Featured Landmark: The Auditorium

Our featured landmark, the Auditorium, was dedicated  on March 4, 2017, by the Native Sons of the Golden West and its Grass Valley based Quartz Parlor. Located at 161 Mill Street, it is better known to most of you as the current home of the Ashley furniture store, formerly Hedman’s.

 

Before it became a furniture store, it had a colorful history. In the 19th century, it was the site of Argall’s Opera House, owned by Charles E. Clinch. That building burned down on July 30, 1896, in a fire which took down the entire block of Mill Street between Neal and Bank Streets.
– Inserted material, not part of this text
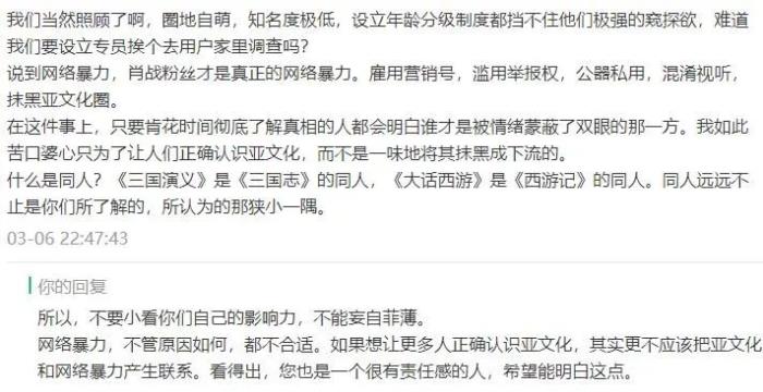 网友们总结来说就是从这些事情中认为肖战有为自己间接发声,而且是恶向引导的发声。如果作者没有通过相应的事情来反对的话,文章的观点的论据(即:肖战没有义务管理粉丝)是否与观点相矛盾了呢?

In 1900, a group of fraternal organizations including the Native Sons and the Knights of Pythias constructed a three story building on the site, which opened on February 2, 1901. The principal tenant on the main floor was the Auditorium Theater, with a capacity of 600 on the floor and 250 in a gallery. The second floor of the building had rooms for the fraternal lodges; the third floor was a banquet hall and the basement housed the kitchen and the National Guard armory. The building also housed the Grass Valley City Hall for a while.

 

In 1911, Grass Valley native William Williams, who happened to be a member of many of the lodges housed in the building, leased the Auditorium as a movie theater. In 1922-3, he remodeled the theater, installing a heating and cooling system, more modern lighting, and increased seating, and renamed it the Strand Movie Theater. It continued in operation until April 22 1942.

Subsequently the building was the home of the F.S. Rasco & Co. store, and since 1972, the Hedman, now Ashley, furniture store.